In dit alles komt tot uitdrukking: het dialectisch materialisme is geen wijsbegeerte in de zin van vroegere systemen en leerstelsels. Het is een wereldbeschouwing, een geestelijke fundamentele houding en denkmethode, die de wereld in haar onoplosbare tegenstrijdigheid toch als eenheid opvat. Maar het is geen filosofisch catechismus, samengesteld uit algemene stellingen en beweringen omtrent de wereldsamenhang, die onveranderlijk, eeuwig en bindend zijn. Wanneer men stelt: de materie en haar beweging zijn eeuwig en onvernietigbaar, dan wil dat niet zeggen, dat natuurkundige theorieën waarin de tijd een begin t=0 had, van het standpunt van onze wijsbegeerte uit verkeerd moeten zijn. Deze theorieën kunnen ontwikkeld, bewezen, weerlegd of bevestigd worden; maar de dialectische materialistische filosofie is geen instantie die over zulke problemen een vonnis velt voordat zij wetenschappelijk beslist zijn. De wereld kan een eindig volume hebben! Onze dialectisch-materialistische wereldbeschouwing wordt daardoor niet in haar grondvesten geschokt, integendeel: iedere nieuwe, diepere kennis openbaart ons slechts meer van de dialectiek van alle zijn. Zij die zeggen dat theorieën volgens welke de wereld een eindig volume en een eindige levensduur heeft, onverenigbaar met de materialistische dialectiek zouden zijn, vervalsen het dialectisch materialisme en brengen ons in de wereld in diskrediet.
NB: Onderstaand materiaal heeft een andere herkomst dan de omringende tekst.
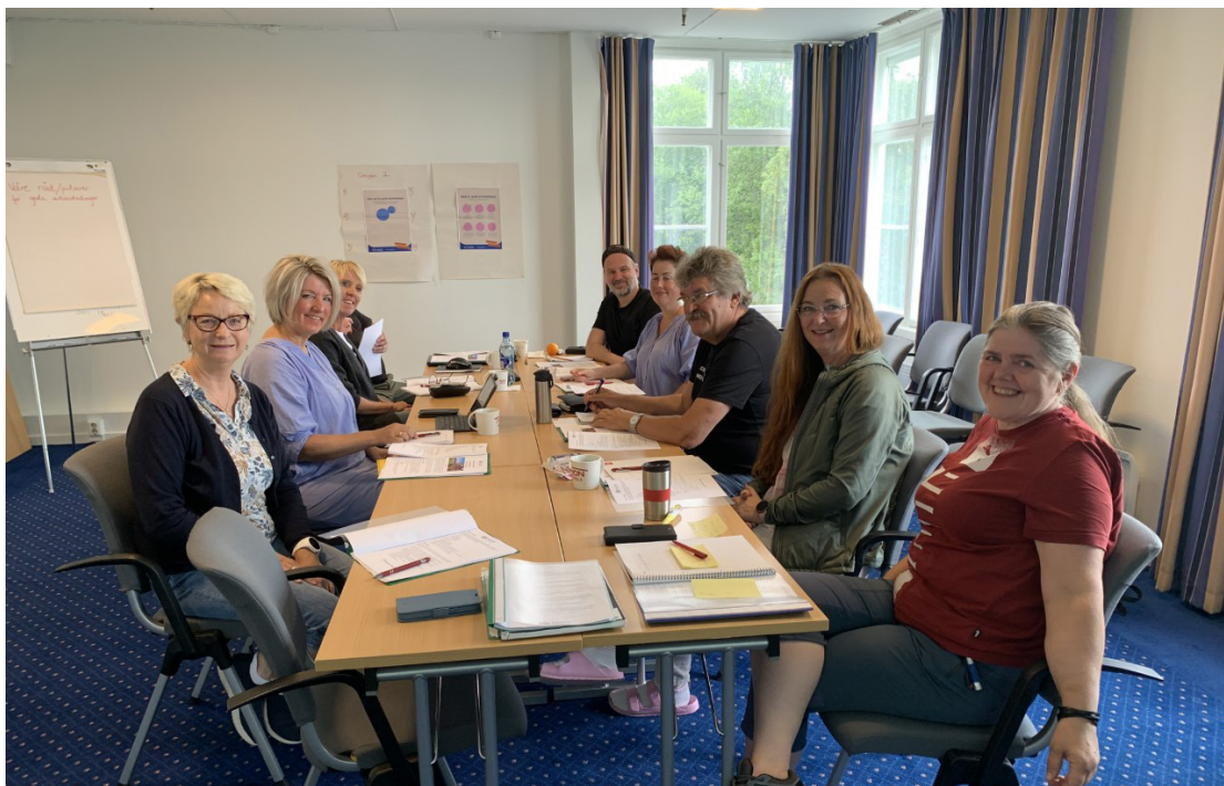
Personalseminar på Skeikampen høsten 2022.

ble avholdt 24.08 – 26.08.22 på Skeikampen. Hovedtema var iverksetting av «Strategi 2020 – 2025», ny nettside for Sagatun, Recoveryarbeidet vårt og arbeidsmiljø. Ellers er god mat og sosialt samvær også veldig viktig for et godt arbeidsmiljø!

Men moet toch de betekenis van zeer algemene leerstellingen niet overschatten: men kan steeds constateren dat hun inhoud, of wat de mensen er telkens weer opnieuw onder verstaan, bepaald wordt door wat zij weten, en niet door wat zij nog niet weten. Het waarheidsgehalte van zeer ver doorgevoerde generalisaties is steeds betrekkelijk. Als eindresultaat van een lang abstraheringsproces zijn zulke generalisaties steeds retrospectief; nieuwe ontwikkeling van de kennis annuleert ze wel niet, openbaart echter hun beperktheid en eenzijdigheid en verzekert hun werkelijke waarheidsgehalte juist door de opheffing van hun algemene geldigheid. Onze filosofie mag echter niet vastgelegd worden door wat wij al weten, maar zij moet de sleutel zijn tot nieuw inzicht.

Met de materialistische dialectiek wordt de knechtschapsverhouding tussen wetenschap en wijsbegeerte opgeheven. De wetenschap heeft niet de taak om de stellingen der wijsbegeerte te bevestigen, noch is de wijsbegeerte de geestelijke en ideologische controleur over de wegen en dwaalwegen van de wetenschap.
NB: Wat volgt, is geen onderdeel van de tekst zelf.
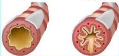
Суженные бронхи с мокротой

Не занимайтесь самолечением! При наличии симптомов обратитесь за консультацией к специалистам!

Wij zullen de enghartigheid en onvruchtbaarheid op het gebied van de filosofie overwinnen, zodra ook onze filosofen het als het grootste geluk zullen voelen, wanneer er iets in de werkelijkheid ontdekt wordt dat onverenigbaar is met hun tot dusver gehuldigde opvattingen.

_______________
[1] Friedrich Engels, Dialektik der Natur, Berlin 1952, S. 222.
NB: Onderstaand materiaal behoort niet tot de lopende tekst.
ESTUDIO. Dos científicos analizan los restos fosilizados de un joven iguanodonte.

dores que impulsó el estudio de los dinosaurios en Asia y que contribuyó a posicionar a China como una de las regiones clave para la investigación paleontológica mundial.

[2] R. Gropp, Der dialektische Materialismus, Leipzig 1961, 3e dr.
[3] Friedrich Engels, Dialektik der Natur, Berlin 1952, S. 223.
[4] Friedrich Engels, Herrn Eugen Dührings Umwälzung der Wissenschaft, Berlin 1948, S. 42.
[5] Friedrich Engels, Herrn Eugen Dührings Umwälzung der Wissenschaft, Berlin 1948, S. 169.